Leer la vida
Una sola frase de un fragmento literario nos puede llevar a
devanarnos los sesos. Tomemos una muestra: "Usted escribe que no
tiene miedo de morir con tal de que el resultado no sea la muerte",
dice una octogenaria en un relato de "La mesa limón", de Julian Barnes.
Desde una residencia para mayores, le habla en una carta al
narrador del cuento, supuestamente el autor de la obra.

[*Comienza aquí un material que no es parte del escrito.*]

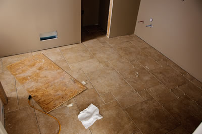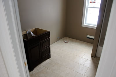 Tim and I have been working on the tile floors, for which Tim gets most of the credit as he works much faster than I do. I ended up cutting most of the tile to fit, while Tim was putting it all down.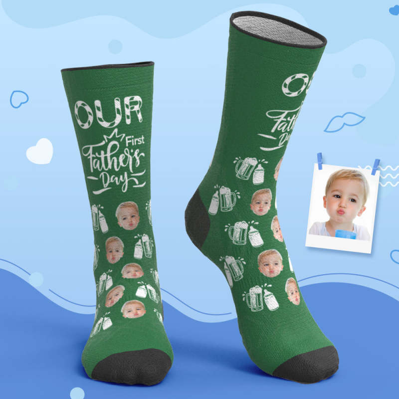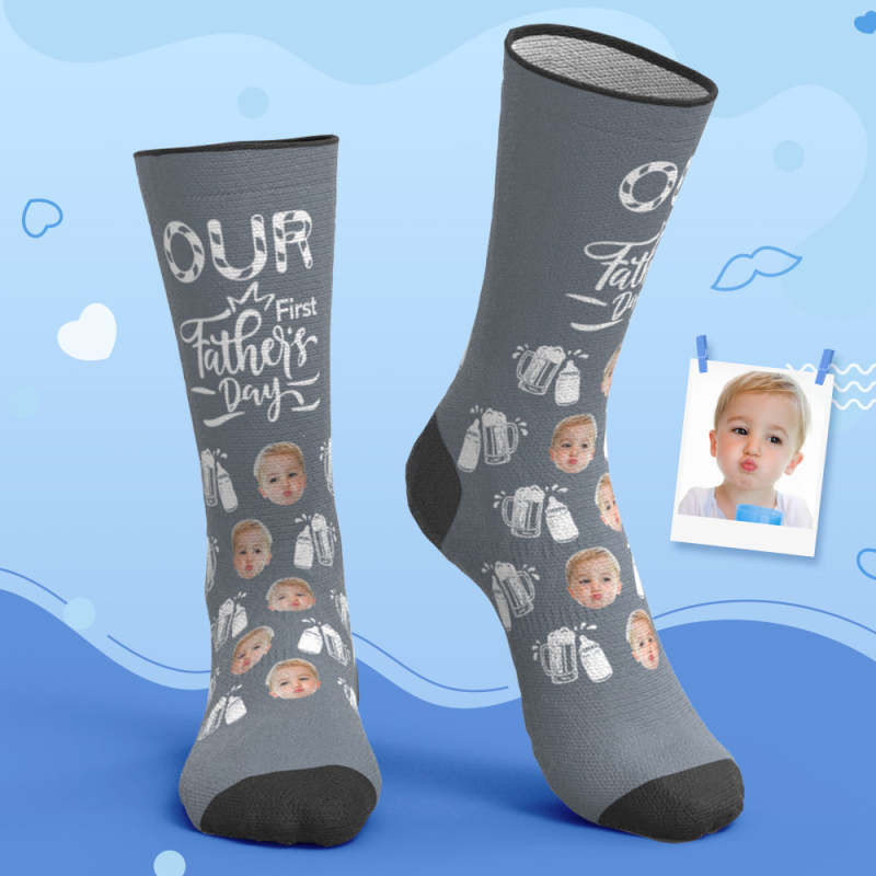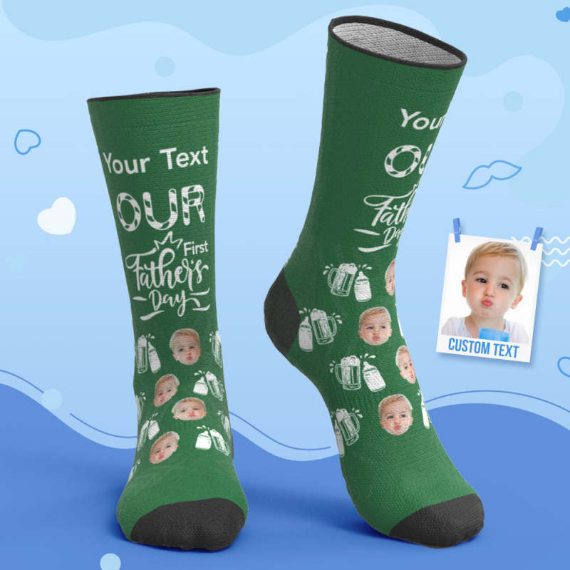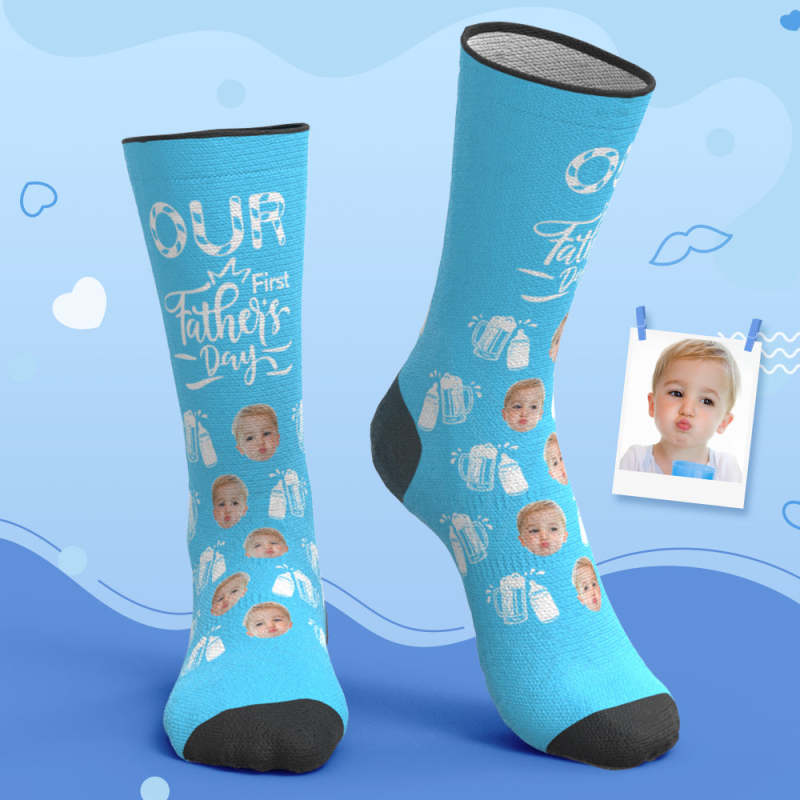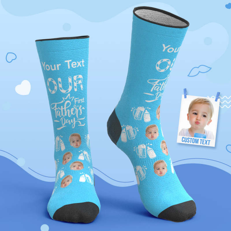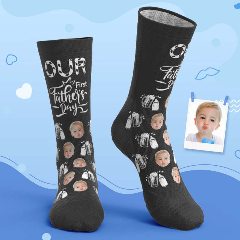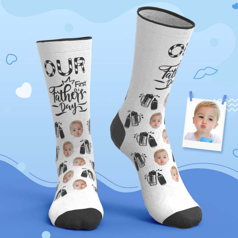Custom Breathable Face Socks Wine Glass Bottle Socks Our First Father's Day Gifts

Una vez leídas las palabras de la anciana, levantamos la cabeza
por instinto para rumiar al instante su contenido. Una ráfaga de
imágenes e ideas atraviesa nuestros cerebros. A cada lector le
asaltarán sus propios pensamientos: que si es fácil aceptar la
muerte cuando se es joven y aún no se la mira de frente o cuando se
piensa que siempre toca sólo en la puerta ajena. Que si una cosa es
la perspectiva literaria de la condición mortal y otra, asumir
nuestra particular existencia efímera…
Si una sola frase de un cuento es capaz de remover nuestro
intelecto, cuántas cavilaciones hondas puede despertar una obra
literaria entera. Preñada de personajes, atmósferas, detalles,
incidentes, nos volvemos presa de sus significados simbólicos. Al
fin y al cabo, se da por sentado que una mente consciente se oculta
tras las palabras en las páginas. Algo nos quiere decir y algo nos
llama a desentrañarlo. Y, en el proceso de lectura, escudriñamos
los protagonistas, sus situaciones y sus motivos. Irrumpen en
nuestro interior sentimientos de rechazo, admiración, indulgencia,
adhesión; una superposición de impresiones dulces y amargas y de
agudas introspecciones.
Sin embargo, después de cerrar el libro y devueltos ya a la
realidad, parece que perdemos nuestra capacidad de reflexionar y de
conmovernos. Entonces, las historias de los personajes de carne y
hueso carecen de significaciones más allá de las que sellan
nuestros prejuicios. El indigente, por ejemplo, que consideramos un
héroe en la obra "La edad de Hierro", de Coetzee, es
visto en la realidad de la intemperie como pura basura o el
apreciado universo imaginario de Don Quijote en poder de una
persona de la calle se censura en nombre de la cordura o la
admiración que nos inspira el príncipe Myshkin en "El Idiota", de
Dostoyevski, encarnado en un hombre
del mundo de lo real, es juzgado como un auténtico imbécil.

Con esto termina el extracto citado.